Answer:
Step-by-step explanation:
The question is incomplete. Here is the complete question.
The online program at a certain university had an enrollment of 580 students at its inception and an enrollment of 1725 students 3 years later. Assume that the enrollment increases by the same percentage per year. a) Find the exponential function E that gives the enrollment t years after the online program's inception. b) Find E(11), and interpret the result. c) When will the program's enrollment reach 5500 students?

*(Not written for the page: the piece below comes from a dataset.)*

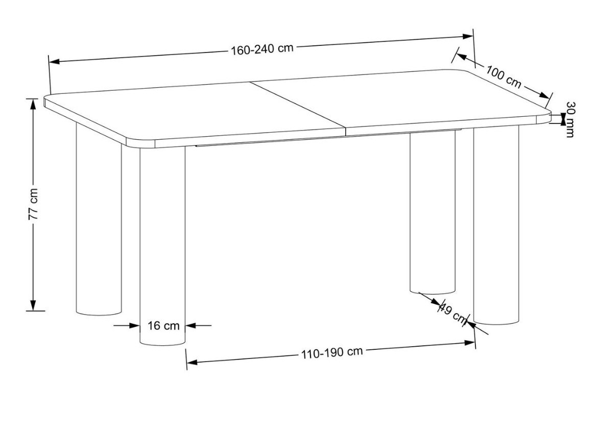 Datorită funcției sale de extindere, lungimea mesei poate fi mărită cu ușurință de la 160 cm la 240 cm, permițându-ți să găzduiești mai mulți oaspeți în timpul reuniunilor de familie sau petrecerilor cu prietenii.

Let E0 be the number of students that enrolled at inception
E(t) be the number of students that enrolled at any time t
At inception i.e at t = 0, E0 = 580
The exponential function E that gives the enrollment at inception will be expressed as;
E(t) = E0e^kt (note that the exponential power is positive since number of students keep increasing yearly).
At inception:
E(0) = 580e^k(0)
E(0) = 580(1)
E(0) = 580
If after 3years, enrollment increases to 1725 students i.e at t = 3, E(t) = 1725. The equation becomes;
E(3) = P0e^kt
E(3) = 580e^3k
1725 = 580e^3k
Make k the subject of the formula:
e^3k = 1725/580
e^3k = 2.9741
Apply ln to both sides of the equation
ln(e^3k) = ln(2.9741)
3k = 1.08995
k = 1.08995/3
k = 0.3633
The exponential function E that gives the enrollment t years after the online program's inception will be expressed as;
E(t) = E0e^kt
Given E0 = 580 and k = 0.3633
E(t) = 580e^0.3633t
b) To get E(11), we will substitute t = 11 into the resulting expression in (a) above to have;
E(t) = 580e^0.3633t
E(11) = 580e^0.3633(11)
E(11) = 580e^3.9965
E(11) = 580×54.4074
E(11) = 31,556.287
E(11) ≈ 31,556 students
This means that about 31,556students enrolled 11years later.
c) To know when the program's enrollment reach 5500 students, we will set E(t) to 5500, E0 to 580 and k to 0.3633 and calculate the value of t
From the equation E(t) = 580e^0.3633t
5500 = 580e^0.3633t
e^0.3633t = 5500/580
e^0.3633t = 9.4828
Apply ln to both sides
ln(e^0.3633t) = ln(9.4828)
0.3633t = 2.2495
t = 2.2495/0.3633
t = 6.19
t ≈ 6years
This means that the program's enrollment will reach 5500 students 6 years later.